Tanto así que en 1976, con ocasión del quinto centenario de su muerte –en diciembre de 1476–, el régimen comunista de Nicolae Ceausescu lo declaró Héroe de la Nación. ¡Vea usted!
Los méritos de Vlad para ganarse el infierno fueron bastantes, en especial por su afición a comer entre bosques de víctimas agonizantes, atravezadas con estacas clavadas al suelo, como pinchos vivientes.
Vida oscura
La infancia de Vlad fue dura y cruda. Nació en 1431, entre noviembre y diciembre, en la ciudad burgo-rumana de Sighisoara; fue uno de los tres hijos legítimos de Vlad Dracul.
Este noble enfrentó a los otomanos; el rey de Hungría –en pago a tanto sacrificio– le cedió extensas propiedades en la región de Transilvania. El padre pertenecía a la Orden del Dragón, un grupo de nobles bastante pendencieros.
A los 13 años Vlad -y su hermanito Radu- fue como rehén a la corte del sultán; cuando regresó a Valaquia se enteró que al padre lo habían apaleado hasta morir. Al otro hermano, Mircea, le fue peor, lo cegaron y enterraron vivo.

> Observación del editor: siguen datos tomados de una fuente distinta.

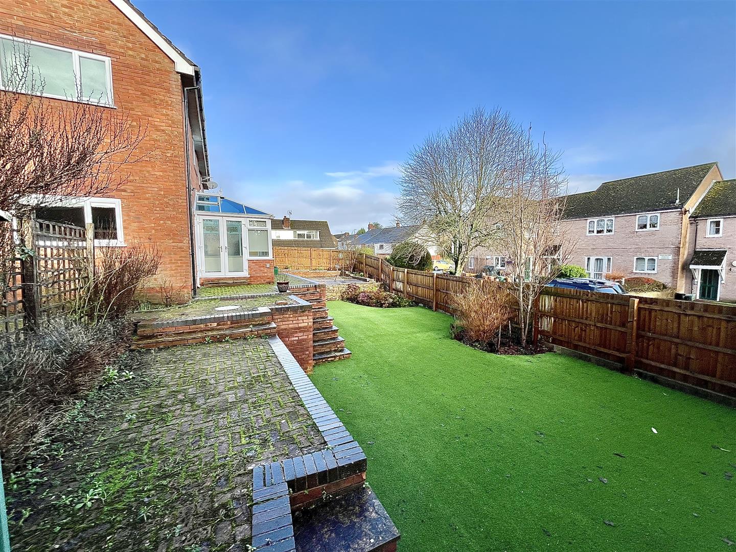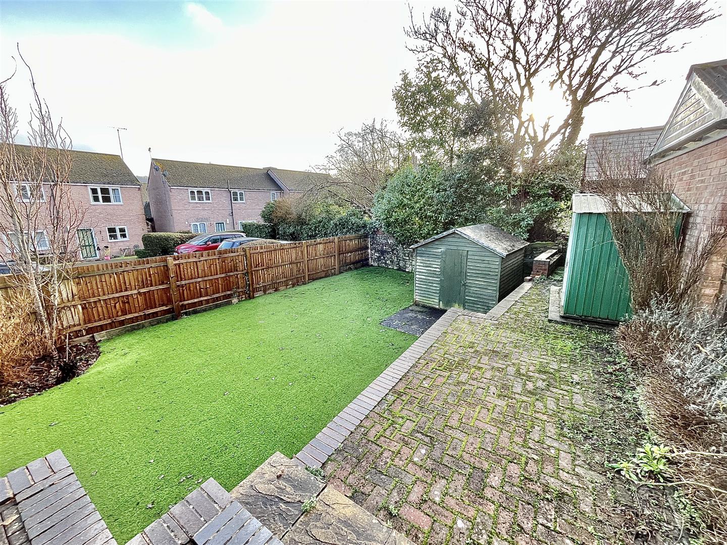 Outside - A gated access to the rear of the property opens onto a patio with planted borders leading to the main entrance. The large enclosed garden provides fantastic spaces for various seating areas as well as having a large lower level astroturf lawn area with attractive planted borders. There is a timber built shed as well as a smaller metal shed.
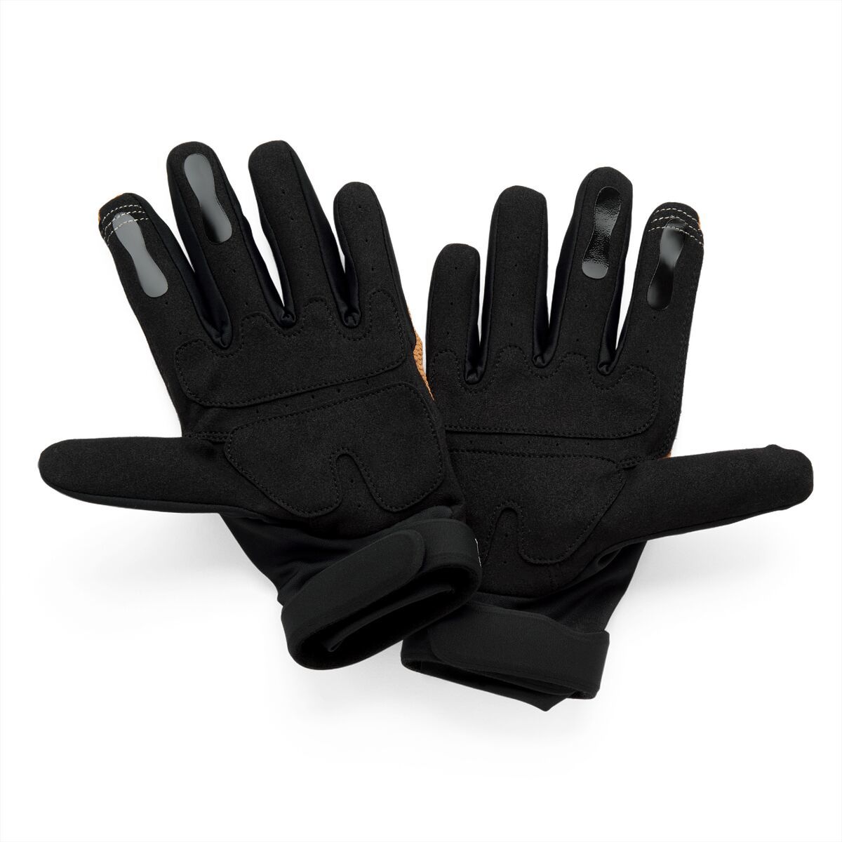 Langdale GlovesStretch finger gussets enhance mobility and wick away moisture Extended slip-on cuff with hook and loop band to secure opening to your preference Thumb overlay aids in reducing blisters Perforated dual-layer Clarino™ palm for improved comfort Smartshock® padded knuckles offers lightweight protection Finger TPRs to protect from trail debris and branches Silicone printed finger graphics improve lever traction Integrated tech thread keeps you connected with your digital devices

Con 17 años Vlad asumió el trono de Valaquia, pero de manera efímera. La segunda vez fue a los 25 años; en ese periodo labró la espantosa leyenda de que goza.
Lo primero que planeó fue eliminar a toda la oposición interna. Los fanáticos del Juego de Tronos recordarán la famosa Boda Roja, descrita en los pasajes del libro Tormenta de Espadas de George R.R. Martin. Esa “matatinga” es similar a la que realizó Vlad para desbrozar el terreno.
Invitó a 500 nobles a una gran cena; después de la comida los capturó. A los ancianos, mujeres y niños los empaló, esta era su técnica favorita de tortura aprendida mientras fue rehén de los otomanos.
Envió a jóvenes a trabajos forzados en la construcción del castillo de Poenari. Unos murieron de camino y otros en las obras.
Después siguió con los comerciantes sajones que controlaban las redes comerciales. Eliminó sus privilegios, arrasó las ciudades y –si los historiadores no son una bola de mentirosos– mató a unas 30 mil personas.
Fama sangrienta
Los retratos existentes le hacen un flaco favor a Vlad; se nota a la legua que era un hombre de pocas pulgas. De estatura mediana, corpulento y musculoso, nariz de águila, rostro rojizo y alargado, pestañas largas, ojos grises y enormes, cejas negras, pómulos salientes, melena negra ensortijada y un bigote como el manubrio de una bicicleta.
Todo él inspiraba espanto y lo apuntalaba con su manía por clavar en estacas a quien lo viera feo: gitanos, ancianos, hombres, mujeres, niños, vagabundos, sirvientes, bebés. Nunca le hizo ascos a ninguna víctima.
Si bien sus detractores le endosan unos cien mil muertos, eso no es nada al lado de los que se cargaron en el siglo 20 fulanos como: Stalin, Hitler, Mussolini, Mao Tse Tung, Pol Pot; faltaría Harry Truman con sus dos bombas atómicas sobre Japón, que mató a 277 mil personas de un plumazo.
El tal Vlad III pudo ser un genocida, pero lo único cierto es que no fue Drácula; solo que cuatro hechos motivan la confusión: la novela de Bram Stoker; las leyendas ancestrales de chupasangre propias de su tierra natal; sus manías criminales y su misteriosa muerte.
Los otomanos lo mataron a traición, en diciembre de 1476; lo decapitaron y conservaron la cabeza en miel y después la pincharon con una lanza para exhibirla como trofeo. El que a hierro mata, a hierro muere.
Lobos del hombre
La crueldad de Vlad Tepes III –el empalador– fue la norma más que la excepción, si se toma en cuenta que hubo otros monarcas sanguinarios y la vida dependía del gusto del vencedor.
En el siglo XV los ejércitos arrasaban con las aldeas y sus ocupantes; ejecutaban a los civiles sin distinguir sexo ni edad, confiscaban víveres, saqueaban palacios, templos y casuchas.
Violaciones masivas, depuraciones étnicas, infanticidios, desolación, miles de personas mutiladas, deportaciones, trabajos forzados, todo era poco porque el que ganaba, se llevaba todo.